What information does the IRB need to know before approving your drug study?
- Does the study involve the use of a drug in one or more persons?
- Does the protocol involve the use of an approved drug or a drug used in the course of medical practice?
- Is the drug being used for investigational purposes or off-label?
- Does the investigator have intentions to market the drug or change its current label
- *See definitions section for italicized terms
ESTR SmartForm Sub-Section: Drugs
Identify all drugs, biologics, foods and dietary supplements (approved and unapproved) being used in the Human Research. For each, indicate whether it has an IND number and for those that do, ensure that the application includes one of the following: (a) sponsor protocol with the IND number; (b) communication from the sponsor with the IND number; or (c) communication from the FDA with the IND number. Additionally attach the following items:
- Investigator Brochure for each investigational drug involved in the Human Research
- Current Package Insert (Submit for each marketed drug involved in the Human Research)

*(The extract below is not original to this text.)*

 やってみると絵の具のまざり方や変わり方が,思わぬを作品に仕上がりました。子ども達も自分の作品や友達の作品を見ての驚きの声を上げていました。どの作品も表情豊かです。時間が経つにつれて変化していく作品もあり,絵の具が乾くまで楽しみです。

- Validation of IND# (e.g. FDA Approval letter or Sponsor Protocol)
Drug – Product intended for use in the diagnosis, cure, mitigation, treatment, or prevention of disease – meets the definition of a drug per the FD&C Act (201(g)(1) – substance (other than food) intended to affect the structure or any function of the body.

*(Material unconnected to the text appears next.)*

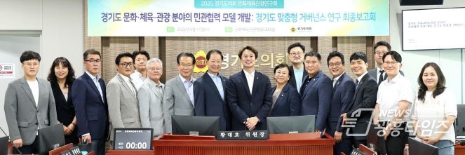 [광흥타임즈 = 조수제 기자] 경기도의회 문화체육관광연구회(회장 황대호 의원)가 11일 문화체육관광위원회 회의실에서 『경기도 문화·체육·관광 분야의 민관협력 모델 개발: 경기도 맞춤형 거버넌스 연구』 정책연구용역 최종보고회를 개최했다.

Investigational Drug – 1) A product that is not approved (for marketing) in the US as a drug. 2) Approved drug that is not used according to the approved label or used in a new combination of approved drugs.
Note: Practice of medicine allows a physician to use any approved drug for treatment purposes without prior regulatory approval (e.g. – FDA Submission).

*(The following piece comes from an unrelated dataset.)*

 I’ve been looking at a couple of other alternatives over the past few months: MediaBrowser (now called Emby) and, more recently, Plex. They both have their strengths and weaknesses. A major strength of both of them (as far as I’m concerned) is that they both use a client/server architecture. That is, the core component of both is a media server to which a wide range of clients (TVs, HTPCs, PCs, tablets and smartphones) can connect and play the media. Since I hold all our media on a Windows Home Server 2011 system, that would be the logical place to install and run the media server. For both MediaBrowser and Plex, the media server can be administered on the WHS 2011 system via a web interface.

Investigational New Drug (IND) application: a request to the FDA for authorization to administer an investigational drug (or biologic) to humans or a marketed drug in a new indication and/or patient population.
Commercial Drugs – Products that are approved for marketing in the US as drugs; used according to the drug labeling. IND requirements depend on whether product is/is not used according to label (printed material that accompanies a drug) and/or there is increase risk associated with change to label.
On-label Use: Drug label refers to the printed material that accompanies a drug (including package insert). When a drug is used ” On-label” the same indication, dose, route of administration, patient population, and/or drug formulation is used in the research study that is listed on the package insert.
Note: Studies involving the on-label use of a drug do not require an IND but still need to go through the IRB review process.
Sponsor is an individual, company, academic institution, or other organization that takes responsibility for and initiates a clinical investigation
Investigator is an individual who conducts a clinical trial under whose immediate direction a drug is administered or dispensed
Sponsor-Investigator is an individual who both initiates and conducts an investigation, and under whose immediate direction a drug is administered or dispensed.
The following 5 criteria must be met for IND exemptions:
- The study is not designed to support approval of a new indication or a change in label.
- The study is not intended to support a significant change in the advertising for the product.
- The study does not involve a route of administration, dosage level or patient population that significantly increases the risks (or decreases the acceptability of the risks) associated with the use of the drug.
- The study is conducted in compliance with the IRB and informed consent regulations.
- The study is conducted in compliance with regulations regarding promotion for investigational drugs.
Note: Investigators can make IND exemption determinations but he/she should submit a rational to the IRB for approval of the exemption. If the IRB does not agree, the investigator can contact the FDA for additional guidance and supporting documentation to provide to the IRB.
IND Preparation and Maintenance (For Sponsor-Investigators)
Note: If the IRB determines an IND submission to the FDA is required for the submitted IRB protocol, then the investigator becomes the Sponsor-Investigator and is responsible for submitting and maintaining the IND.
IND Format and Content (Submit original application containing the sections below to the FDA with 2 photocopies)
- Form 1571 (cover sheet)
- Form 3674 (ClinTrials.gov registration)
- Table of Contents
- Introductory Statement
- General Investigation Plan
- Investigator’s Brochure
- Protocols (Includes Informed Consent & PI’s CVs)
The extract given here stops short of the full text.